FEATURES = ['backspace_backspace', "E_space", "space_T", "T_H", "space_A", "S_space", "T_space", "H_E", "D_space", "A_N", "I_N", "R_E", "N_space", "E_R", "Y_space", "space_I", "space_O", "O_space", "space_W", "space_S", "O_N", "N_D", "E_N", "R_space", "O_U", "space", "E", "backspace", "T", "A", "O", "I", "N", "S", "R", "H", "L", "D", "U", "C", "M", "G", "Y", "F", "W", "P", "B", "comma", "V", "dot", "K"]

USE_TRANSITION_2 = True
N_NEIGHBORS=3

def process_and_unite_keystrokes(
    inputs, 
    humanize=True, 
    distinguish_shift=True,
    normalizator = timestamp_values,
    normalizator_coef = 1.5,
    transition_2=False): 
    a,b,c = process_keystrokes(inputs, humanize, distinguish_shift)
    raw_data = {**a , **b, **c}
    res = {}

    features = FEATURES
    if transition_2:
        features = list(map(lambda x: x if "_" not in x else f"-{x}", features))

    for feature in features:
        if feature in raw_data: 
            mean, std, var = normalizator(raw_data[feature], normalizator_coef)
        else: 
            mean, std, var = None, None, None

        res[f"{feature}_mean"] = mean 
        res[f"{feature}_std"] = std 
        # res[f"{feature}_var"] = var

    return res

def mutate_dataset(df, 
    user_id_column = "UserName", 
    keystrokes_column="ReviewMeta", 
    transition_2=False):
    res = []
    for index, inputs in df.iterrows():
        data = process_and_unite_keystrokes(inputs[keystrokes_column], transition_2=transition_2)
        res.append({'user_id': inputs[user_id_column], **data})
    return pd.DataFrame(res)

def standartize_dataset(res):
    modifiers = {}
    for column in res.columns.difference(['user_id']):
        mean_v = res[column].mean()

        # Fill n/a values with mean
        res[column].fillna(mean_v, inplace=True)

        min_v = res[column].min()
        max_v = res[column].max()
        res[column] = res[column].apply(lambda x: (x - min_v)/(max_v - min_v))

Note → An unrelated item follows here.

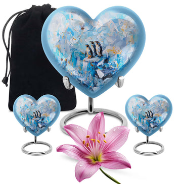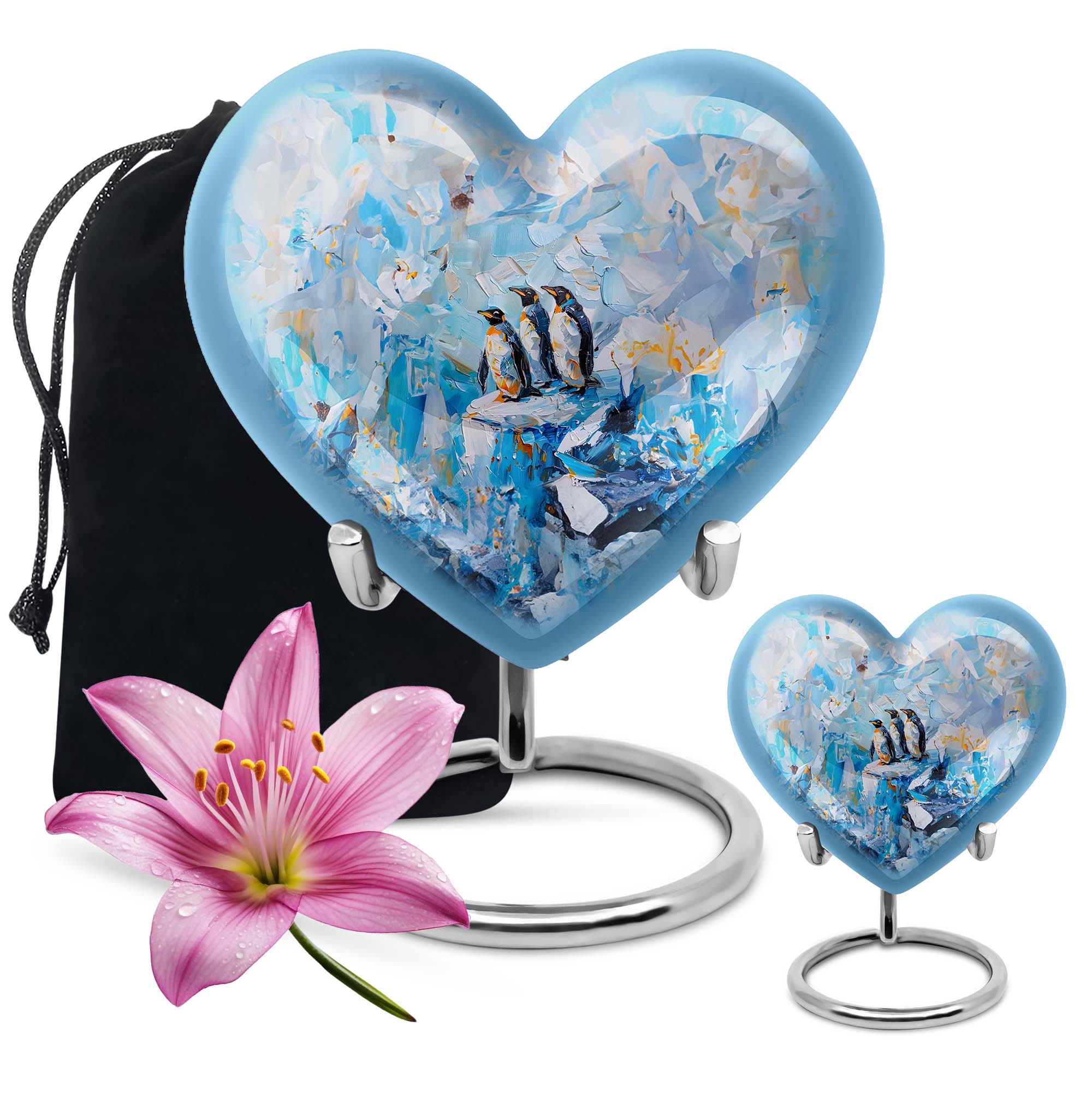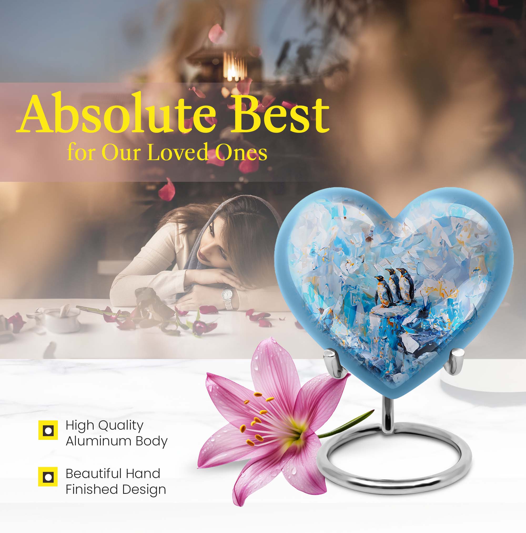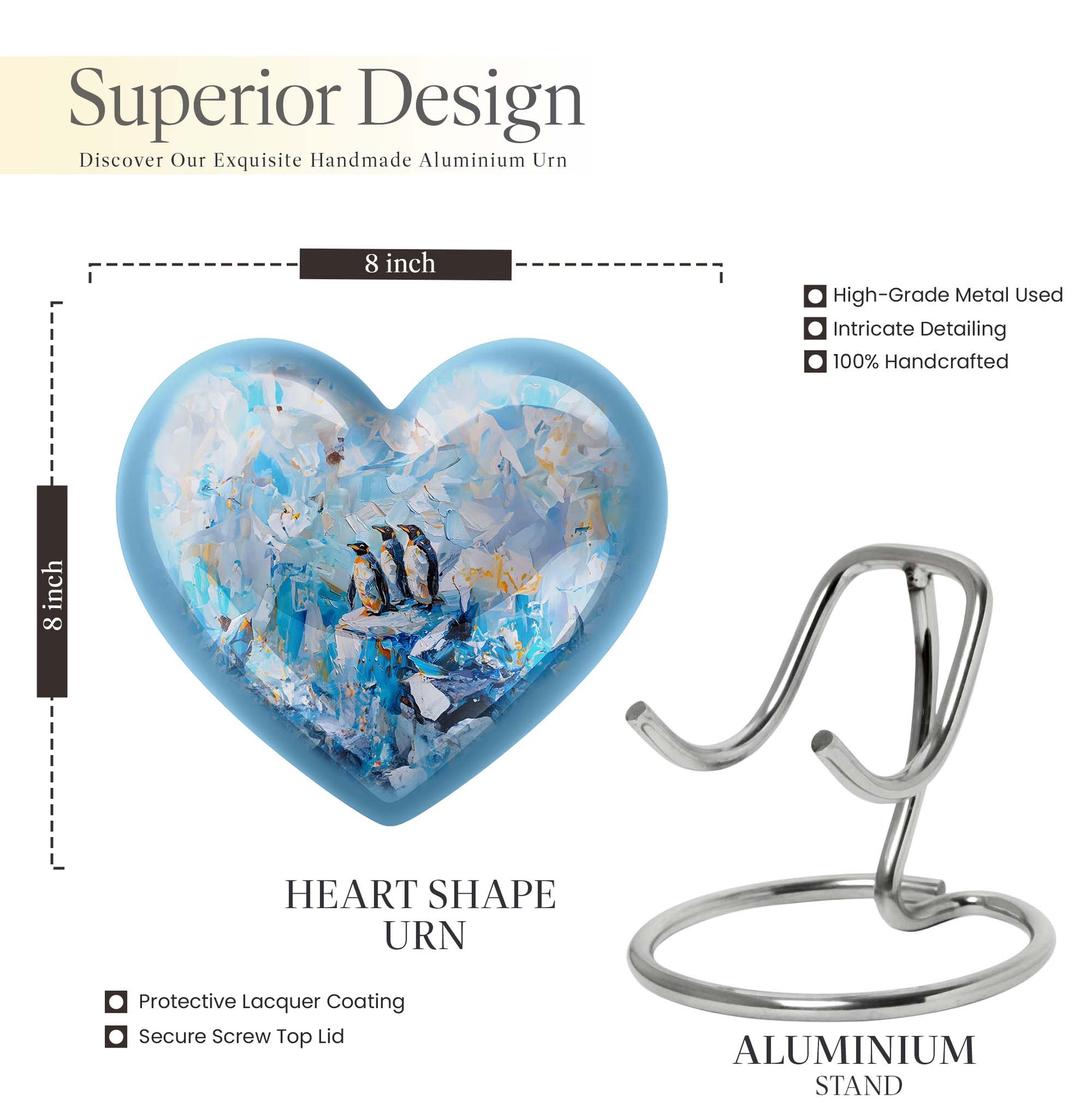 Embrace memories while setting spirits free with our exquisite Penguin Urn, precisely crafted for coalescing elegance with emotions. Engineered from robust aluminium alloy, this funeral urn for ashes for men demonstrates not just the memorialization of a life well-lived, but also a beautiful homage. The 10-inch large urn showcases an intricate butterfly-themed heart design, symbolizing transition, and transformation. Its 200 cubic inch capacity generously accommodates ashes, can be tucked away securely in the included velvet pouch. With a weight of 3.3 pounds, this cremation urn exhibits stability and permanency. Personalize with engraved names and make this unique penguin urn truly your own. Honoring individuals through time-honoured traditional urns, human burial urns, and memorial human urns for ashes. Let us bring comfort to your cherished remembrances.

        # Save modifiers so that they could be applied to 
        modifiers[column] = { 'mean': mean_v, 'min': min_v, 'max': max_v }

    return res, modifiers

def standartize_by_modifiers(res, modifiers, features = FEATURES): 
    for column in res.columns.difference(['user_id']):
        # Fill n/a values with mean
        res[column].fillna(modifiers[column]['mean'], inplace=True)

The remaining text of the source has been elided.